Гораздо более нервировало поведение Реджи – чертова псина вела себя по-прежнему: явно сбитый с панталыку буль то возникал в дверях столовой, вглядываясь в Петра прямо-таки с человеческим недоумением, то скрывался, тихо ворча. Никак не хотел признавать хозяина – и успокоиться никак не желал. И «жена», и «падчерица» не могли не обратить на это внимание – но, к счастью, Катя сама подыскала подходящее объяснение: кто-то ей напел, что собаки – прирожденные телепаты, и она всерьез предположила, что пес шестым чувством просек случившуюся с хозяином беду, оттого и не находит себе места. Петр, вздохнув с превеликим облегчением, постарался развить и закрепить эту тему, добросовестно пересказав парочку историй о собачьей телепатии, вычитанных из многоцветных бульварных газеток. Удалось, похоже. В конце концов Катя шуганула пса на место, и он, ворча, удалился.

– Благодарю за хлеб-соль, папенька, – присела Надя, встав из-за стола. – Разрешите вздорному ребенку удалиться на дискотеку? Не зацикливаться же на компьютерных трудах, нужно и развеяться временами.

– Валяй, чадушко, – сказал Петр.

Щелкнула невидимая картотека. Дискотека «Метрополис», приют золотой молодежи, проплаченная заботливыми новорусскими «предками», немаленькая охрана старательно бдит, по мере возможности отсекая наркотики, спиртное и замаячивших на горизонте представителей «низших классов». Отвезет и привезет Митя Елагин, нет причин для беспокойства, можно спокойно разрешить…

Механически поблагодарив Марианну – последовав в том примеру Кати, прямо-таки скопировав ее интонации и слова, – Петр пошел к себе в кабинет. По дороге чертова псина снова проводила его злым, недоуменным ворчаньем, но, слава богу, на какие-либо активные действия не решилась. Может, притерпится? Задобрить его следует, вот что, притащить с кухни какого-нибудь мясца, глядишь, и наладится…

Он даже обрадовался, когда после обычного деликатного стука появилась Марианна. Взял быка за рога:

– Слушай, сообрази там с кухни чего-нибудь для Реджи. Типа сосисок, колбаски… Такое впечатление, он от меня за неделю отвык.
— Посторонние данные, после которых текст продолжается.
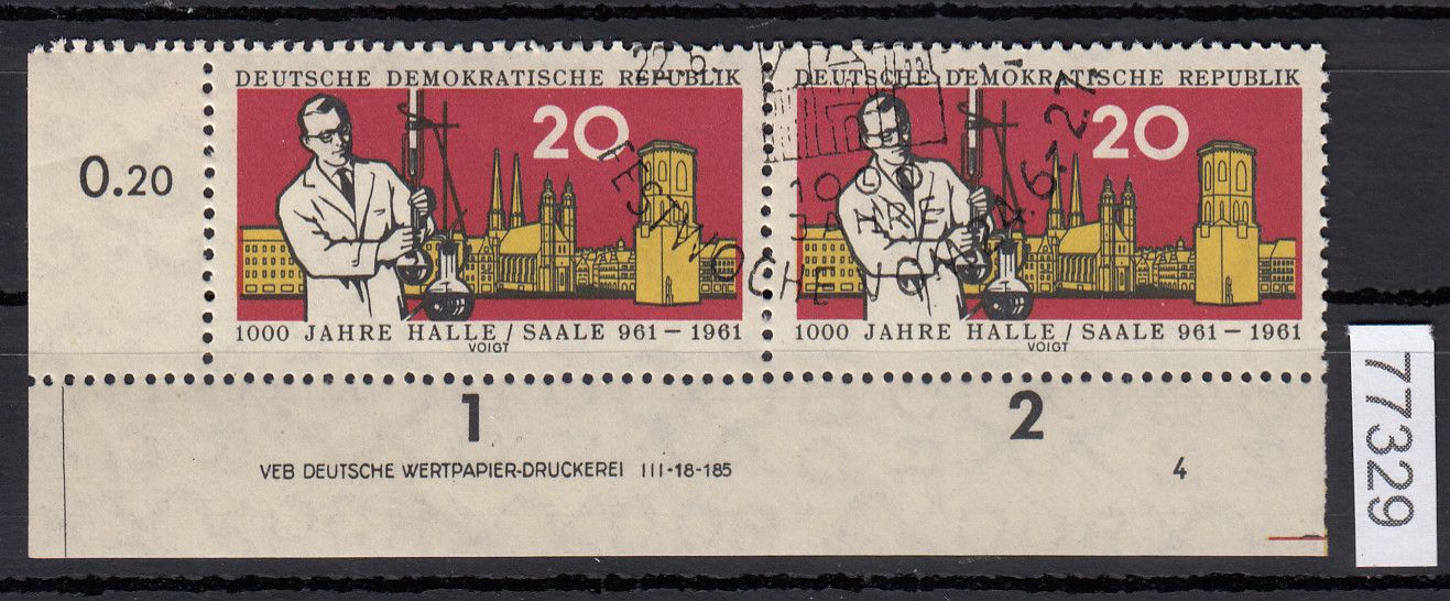 DDR 1961, Mich.-Nr.: 834 gestempelt DV  FNr. 4   Eckrand  Druckvermerk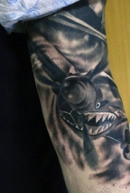 手臂插画风格黑色二战战斗机纹身图案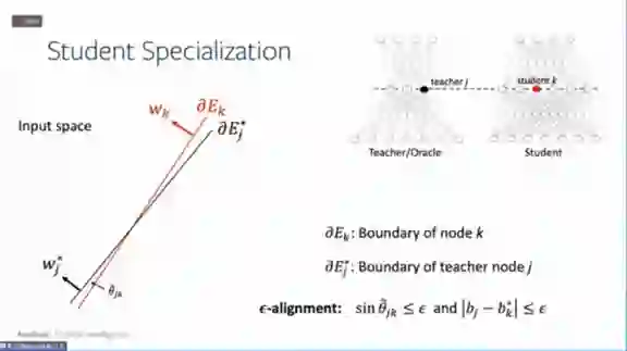 这种设置对于理解泛化能力有更多的优势。因为如果我们能证明,学生网络跟教师网络的节点存在对应关系,就可以证明泛化能力。因为学生网络不仅仅只是在输出结果上相同,而且在内部结构上也相同,也即是学生网络学到了教师的“精髓”。对于新的输入,我们可以预言学生网络和教师网络的输出是一样的。所以这种设置其实在某种程度上可以简化一些理论分析。

Надо налаживать контакт…

– Павел Иванович, вы, наверное, забыли… – Марианна показала на письменный стол. – Перед самой аварией я купила пару упаковок костей, ну, этих, импортных имитаций, вы тогда просили… Они там и лежат. Реджи обожает.

– Забыл ведь, – сказал Петр с вымученной улыбочкой, – ну да, кости… Ты, главное, не удивляйся, чует моя душа, мне еще многое придется напоминать. Положительно, дают о себе знать провальчики…

– Я и не удивляюсь, Павел Иванович, – преспокойно заявила Марианна. – Екатерина Алексеевна мне подробно пересказала все, что говорил доктор. Вы не напрягайтесь, со временем обязательно пройдет…

– Да я и не напрягаюсь, – облегченно вздохнул Петр.

И подумал, что следует в ближайшее же время ознакомиться с содержимым «своих» стола и секретера. Чтобы поменьше попадать впросак. Вот так вот ляпнешь о чем-то – а оно, оказывается, у тебя в столе преспокойно лежит. Пашка, правда, не дал кода от корейского сейфа, но там, надо полагать, чисто личные бумаги, Лжепавлу в данный момент совершенно ненужные. А стол и секретер следует изучить не откладывая…

Марианна, похоже, не собиралась уходить. Петр вопросительно поднял глаза.

– Театр, Павел Иванович, – непринужденно напомнила она. – В каминной все готово, ждем-с…

«Вот оно что, – облегченно вздохнул Петр. – Вот он где, театр „Палас», оказывается, – на дому, как у вельмож в старину водилось. Интересно, в чем сюрприз?»

– Все как обычно? – осведомился он небрежно, чтобы не давать ей повода лишний раз вспоминать о «провальчиках».

– Разумеется. Изволите проследовать?

– Изволю, – кивнул он.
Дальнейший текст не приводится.